Proje kapsamında Akdeniz Belediyesi tarafından çevre plancısı Orhan Beker’e hazırlatılan çalışmada, yukarıda değinildiği gibi İstasyon- Kültür Merkezi arası, İstiklal Caddesi güneyini kapsayan alanda, aralarında Valilik Binasının bir bölümü, Alanya İş Merkezi, Ulu çarşı, Özel İdare İş Merkezi ve Kırmızı Lacivert İşhanı gibi kimliksiz yapıların yıkılması öngörülüyordu.

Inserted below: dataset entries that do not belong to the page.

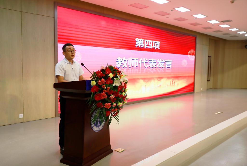 表彰后,获奖教师代表,机电工程学院张耿发言。他代表青年教师对全校领导、同事送上节日祝福和感谢,号召年轻教师做有温度、有宽度、有高度的人,秉持“西安工大精神”,落实立德树人根本任务,为beat365在线登录平台更加美好的明天而共同努力。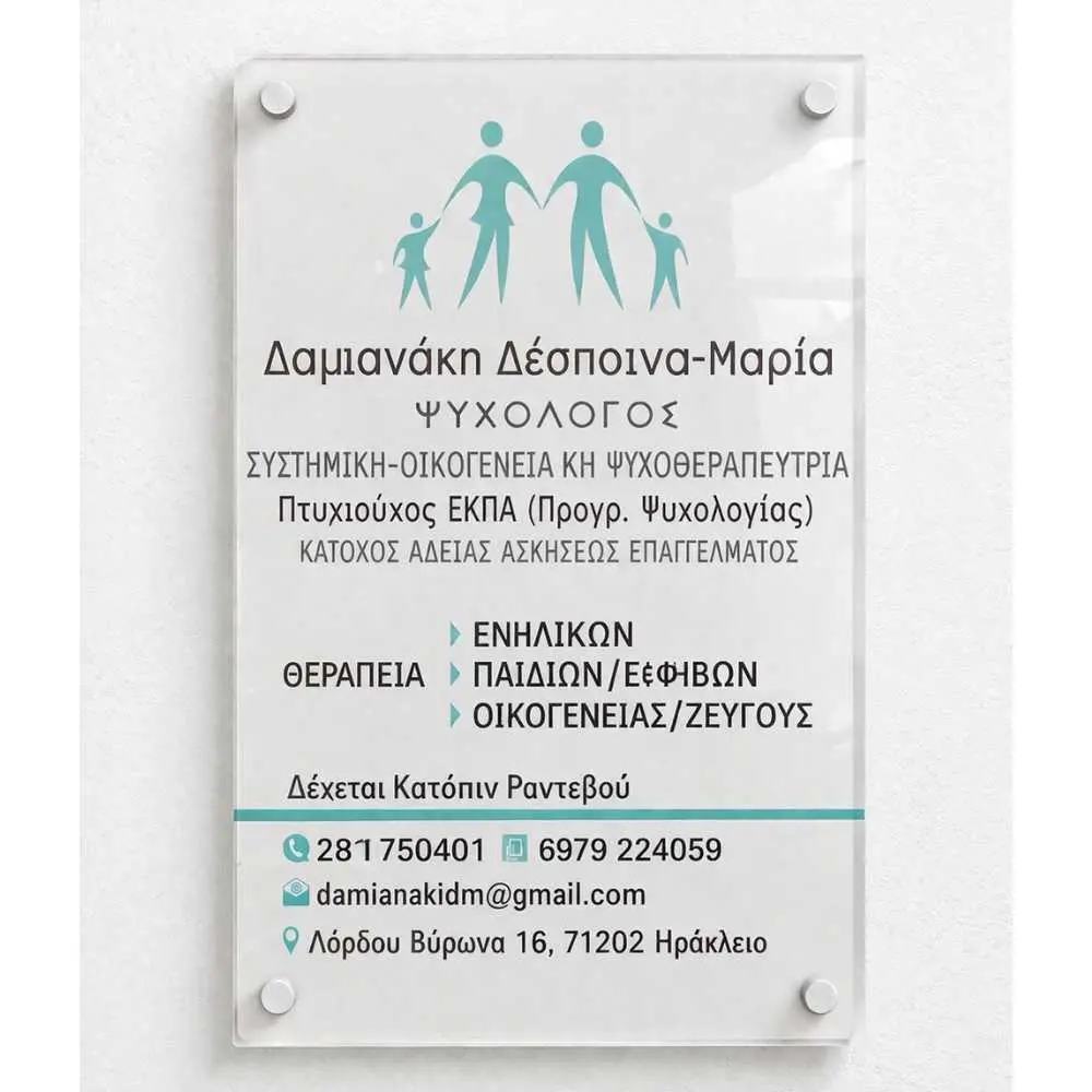 Επιγραφή από άσπρο plexiglass με κολλημένα αυτοκόλλητα γράμματα που συνδυάζει αισθητική και αντοχή.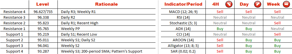 The AUD/JPY pair has been moving in a sideways trend since late October, however just recently bulls managed to push the pair higher. This year's high stands at 96.519 now, however, the rally seems to pause for a while, as the pair retreated back to daily S1 at 95.220. Moreover, the depreciation is likely to continue soon, as indicators on a 4H chart are pointing to the south. Therefore, the pair has a potential to reach a weekly S1 at 95.011, a level which close to a strong psychological level of 95. A move below it is not likely to happen any time soon, as indicators on a daily chart are sending ‘buy' signals, meaning that long traders should keep an eye on a recent high at 95.823.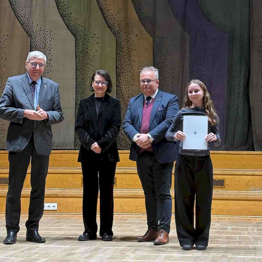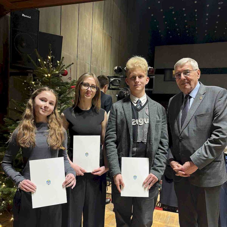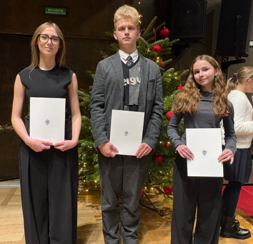 15 grudnia 2025 odbyła się uroczystość przyznania Nagród Miasta Poznania. Na zdjęciu widzimy naszą uzdolnioną Marcinkową trójkę Martynę Kruk, Nataszę Chadyniak i Jędrzeja Nowaka, a na kolejnym zdjęciu Janka Maciejewskiego.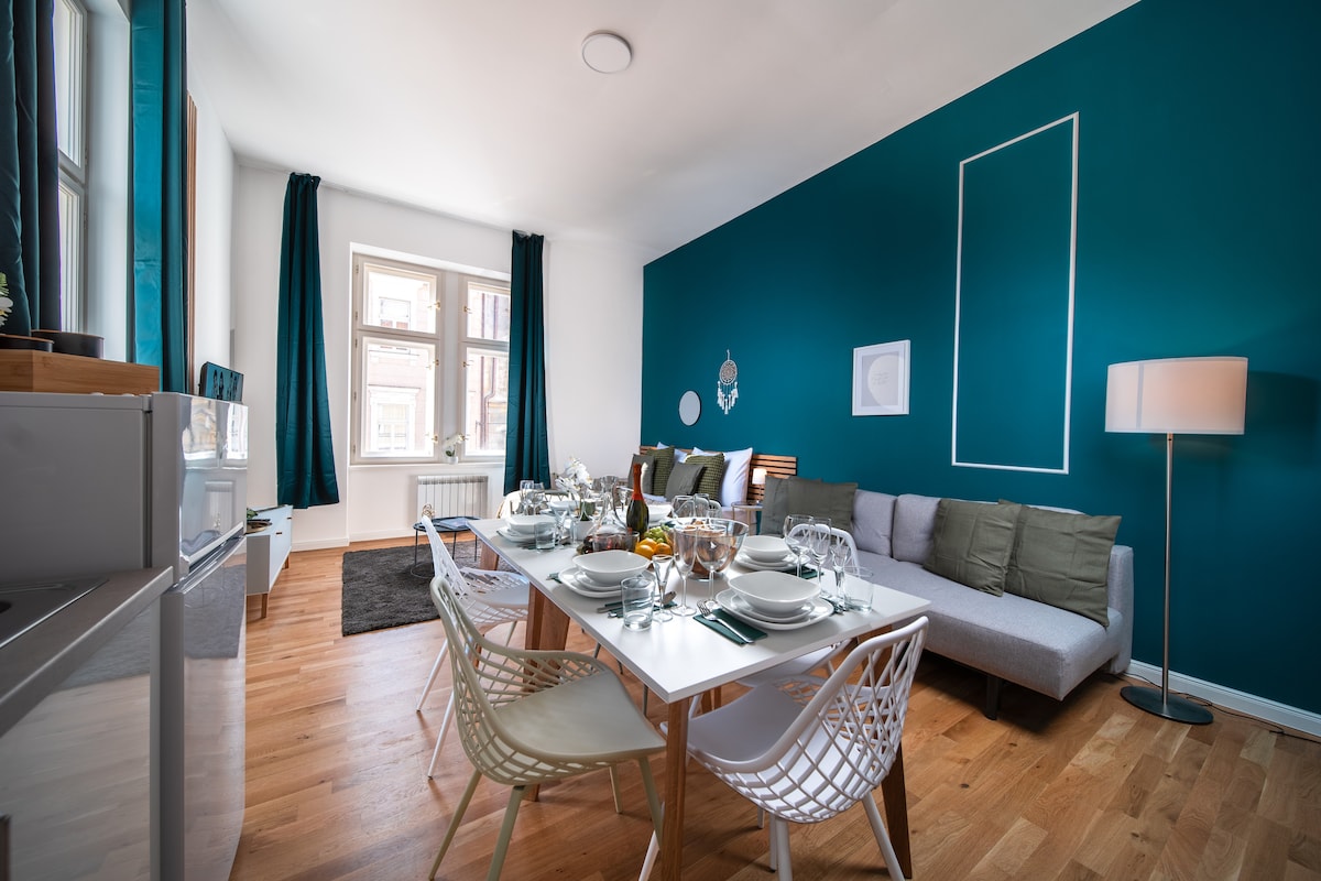 Mənzil lift və yüksək səviyyəli təhlükəsizliyi olan tam yenidən qurulmuş binada yerləşir. Bu geniş mənzil tarixi Şəhər Mərkəzindən cəmi 10 dəqiqəlik məsafədədir. Burada Kraliça Ölçülü Yatağı olan 2 nəfərə qədər qonaq rahat yerləşə bilər. Həm qısa, həm də uzunmüddətli qonaqlamalar üçün zövqlə təchiz edilmiş mənzil Ağıllı TV, yüksək sürətli Wi-Fi və tam təchiz olunmuş mətbəx də daxil olmaqla bütün müasir komfortları təklif edir.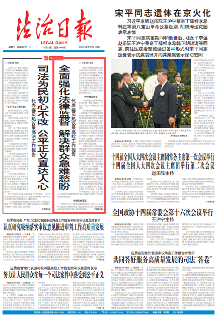 代表委员们的热议与建言,凝聚了共识,汇聚了智慧,将推动检察机关在“十五五”开局之年进一步协同法治与改革、发展、稳定,更加注重保障和促进社会公平正义,不断深化习近平法治思想的检察实践。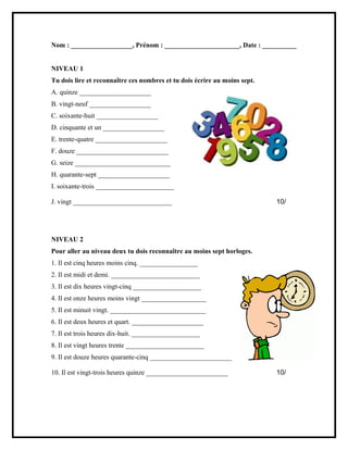 Le document est un exercice d'apprentissage structuré par niveaux. Au niveau 1, les participants doivent lire et écrire des nombres. Au niveau 2, l'exercice porte sur la reconnaissance de différentes heures indiquées sur des horloges.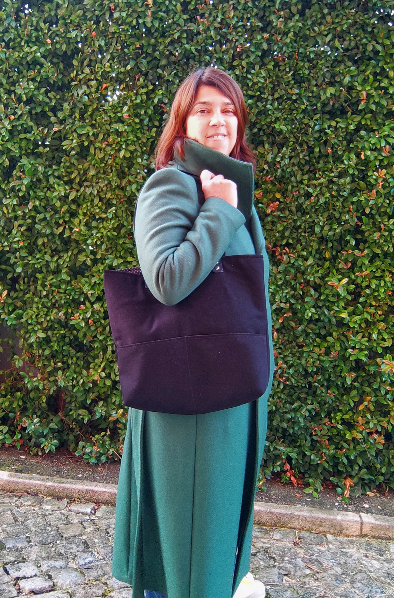 Mala estilo Tote bag, em tecido canva vermelho escuro, com dois bolsos no exterior, interior em tecido de algodão com um bolso com ziper, fecho de Íman e as alças em pele cor cascanho.
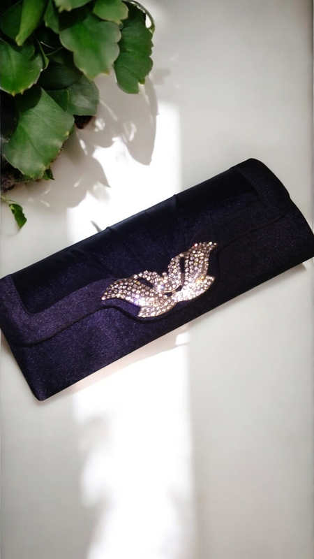 Необычайно красивый клатч выполнен в классическом стиле. Темно- синего цвета, который нежно мерцает яркими огоньками при ярком свете. Застежка кнопка-магнит покрыт камушками. Изделие с одним внутренним отделением. В комплекте аксессуара прилагается цепочка для ношения сумки на плече и маленькая текстильная ручка для ношения в руках. Размеры: длина - 26 см, высота - 11 см, ширина - 5 см.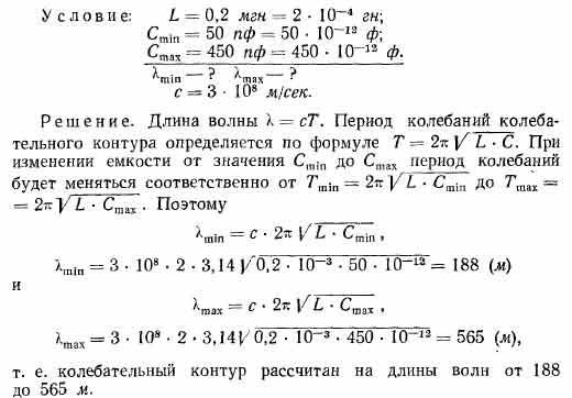 Колебательный контур состоит из катушки с индуктивностью 0,6 мгн и переменного конденсатора, емкость которого может меняться от 50 до 450 пф. На какие длины волн рассчитан контур?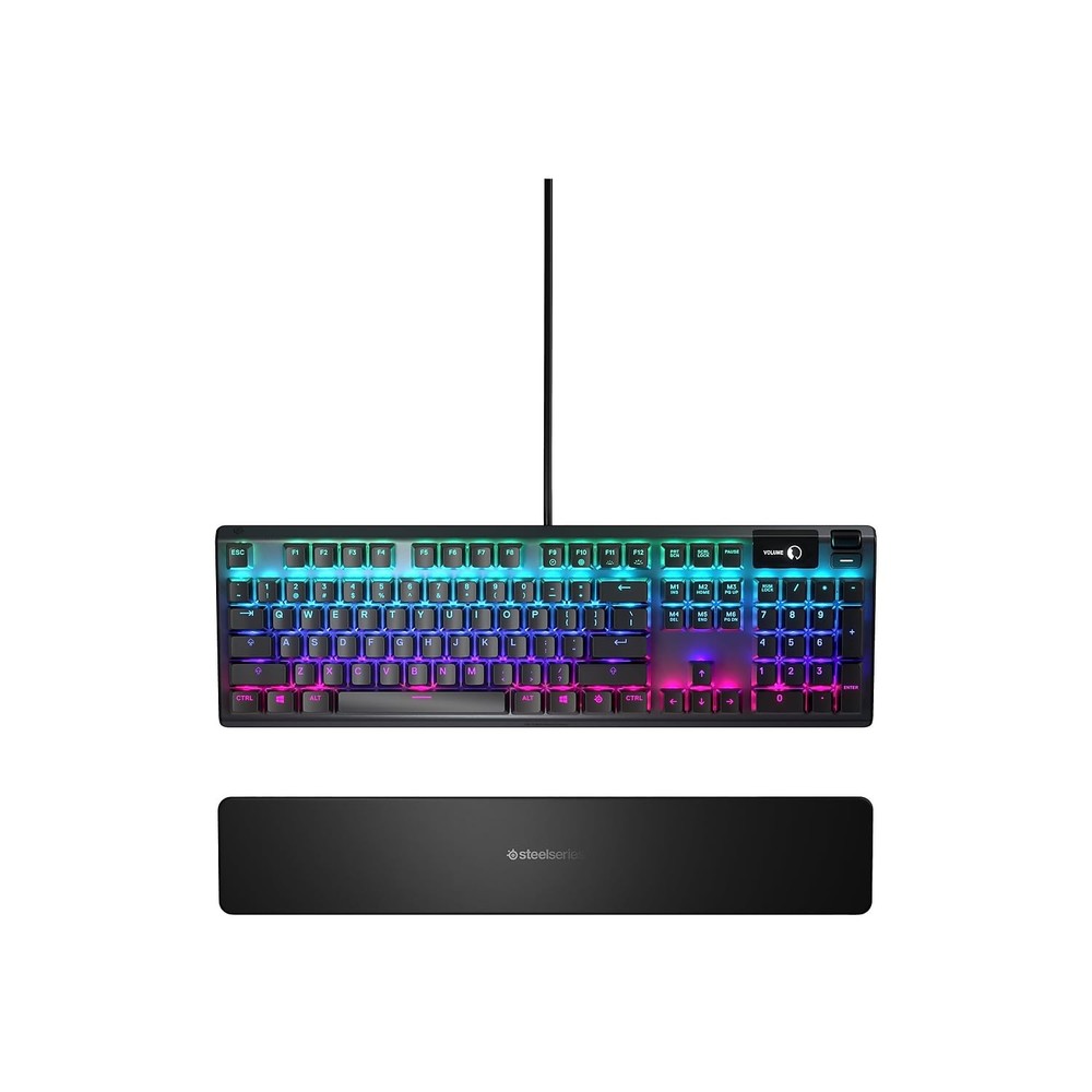 The apex 5 combines the high performance and click tactile feel of a mechanical keyboard with the extreme durability and convenience of ip32 water resistance. Built from the ground up for gaming, it also includes a premium magnetic wrist rest, OLED smart display, and per-key rgb. The apex 5 is the perfect hybrid between gaming and real life. Hybrid mechanical gaming switches – The tactile click of a blue mechanical switch plus a smooth membrane OLED smart display – Customize with gifs, game info, discord messages, and more. OS-Windows, Mac OS X, Xbox, and PlayStation. USB port required Aircraft-grade aluminum alloy frame – Manufactured for unbreakable durability and sturdiness Dynamic per-key RGB illumination – Gorgeous color schemes and reactive effects for every key Premium magnetic wrist rest – Provides full palm support and comfort 900 x 300 x 4 millimeter; 35.43 inches x 11.81 inches

Vali Hasan Basri Güzeloğlu’nun gitmesine paralel Büyükşehir Belediye Başkanlığına Burhanettin Kocamaz gelip el değiştirmesiyle, Akdeniz Belediyesi ‘den projeyi devralan Büyükşehir Belediyesi, yıkılması gündemde olan Özel İdare İş Merkezi ve Kırmızı Lacivert İşhanının bakımı yaptırılarak çeşitli birimlerinin kullanımına tahsis ederken, yine yıkılması düşünülen valilik binasında da Akdeniz Kaymakamlığı yerleştirildi.
Ve tarihi Mersin, ekonomik ve sosyal yönden çöküntü bölgesine dönüştü!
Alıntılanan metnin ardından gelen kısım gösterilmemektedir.